Extract audio track from video file and save as MP3.
Args:
input_file: Path to input video file
output_file: Path for output MP3 file
"""
ffmpeg_cmd = [
'ffmpeg', '-i', input_file,
'-vn', '-acodec', 'libmp3lame', output_file
]
try:
subprocess.run(ffmpeg_cmd, check=True)
print(f"Extracted audio from {input_file} to {output_file}")
except subprocess.CalledProcessError as e:
print(f"Processing failed: {e}")
def speech2text(audio_file):
transcriber = pipeline(
task="automatic-speech-recognition",
model="openai/whisper-medium"
)
result = transcriber(audio_file)
return result
def main():
parser = argparse.ArgumentParser(description="Video to Text Conversion")
parser.add_argument("--video", "-v", type=str, help="Input video file path")
parser.add_argument("--audio", "-a", type=str, help="Output audio file path")
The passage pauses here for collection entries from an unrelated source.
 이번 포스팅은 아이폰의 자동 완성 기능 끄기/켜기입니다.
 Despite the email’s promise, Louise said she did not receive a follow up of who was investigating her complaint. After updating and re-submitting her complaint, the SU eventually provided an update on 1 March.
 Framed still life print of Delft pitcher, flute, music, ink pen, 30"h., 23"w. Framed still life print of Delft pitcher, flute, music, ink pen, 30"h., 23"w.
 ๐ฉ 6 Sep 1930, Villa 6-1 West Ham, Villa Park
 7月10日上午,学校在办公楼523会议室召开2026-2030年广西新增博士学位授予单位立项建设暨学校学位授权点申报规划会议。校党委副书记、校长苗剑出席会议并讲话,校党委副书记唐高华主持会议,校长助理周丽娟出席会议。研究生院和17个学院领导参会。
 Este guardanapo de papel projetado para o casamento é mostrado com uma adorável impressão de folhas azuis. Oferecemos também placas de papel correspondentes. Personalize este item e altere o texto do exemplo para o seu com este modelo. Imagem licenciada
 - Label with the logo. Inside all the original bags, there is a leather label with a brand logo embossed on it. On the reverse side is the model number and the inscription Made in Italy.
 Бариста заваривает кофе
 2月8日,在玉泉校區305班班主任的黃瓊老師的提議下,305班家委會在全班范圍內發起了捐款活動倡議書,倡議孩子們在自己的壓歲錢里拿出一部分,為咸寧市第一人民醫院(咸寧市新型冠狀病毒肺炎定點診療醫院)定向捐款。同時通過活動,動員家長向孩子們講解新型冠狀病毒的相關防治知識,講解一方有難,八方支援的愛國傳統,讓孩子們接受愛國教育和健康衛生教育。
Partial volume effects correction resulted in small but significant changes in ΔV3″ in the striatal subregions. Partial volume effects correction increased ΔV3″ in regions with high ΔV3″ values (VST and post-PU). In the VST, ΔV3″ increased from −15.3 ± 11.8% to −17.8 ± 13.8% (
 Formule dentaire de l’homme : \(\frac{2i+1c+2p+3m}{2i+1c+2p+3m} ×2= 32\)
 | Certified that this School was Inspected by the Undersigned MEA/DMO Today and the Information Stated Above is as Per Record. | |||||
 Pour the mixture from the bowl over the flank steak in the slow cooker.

args = parser.parse_args()
print(args)
extract_audio(args.video, args.audio)
result = speech2text(args.audio)
print("Transcribed text:\n" + result["text"])
if __name__ == "__main__":
main()
Usage
python video2text.py --video input.mp4 --audio output.mp3
The pipeline first extracts audio using FFmpeg, then passes the audio file to Whisper for transcription. The final output contains the textual representation of all speech detected in the video.
API Deployment
For production deployments, wrap the pipeline with FastAPI:
from fastapi import FastAPI
app = FastAPI()
@app.post("/transcribe")
async def transcribe_video(video_path: str):
audio_path = "temp_audio.mp3"
extract_audio(video_path, audio_path)
result = speech2text(audio_path)
return {"text": result["text"]}
Output Format
The Whisper model returns a dictionary:
{"text": "transcribed content here", ...}
The transcribed text can then be fed into large language models for summarization, question answering, or other downstream NLP tasks.
Architecture Summary
Video File → FFmpeg Audio Extraction → MP3 File → Whisper ASR → Text Output → LLM Processing
This two-stage architecture separates concerns effectively: FFmpeg handles multimedia processing while Whisper focuses on speech recognition. Both components are well-established, production-ready tools with extensive community support.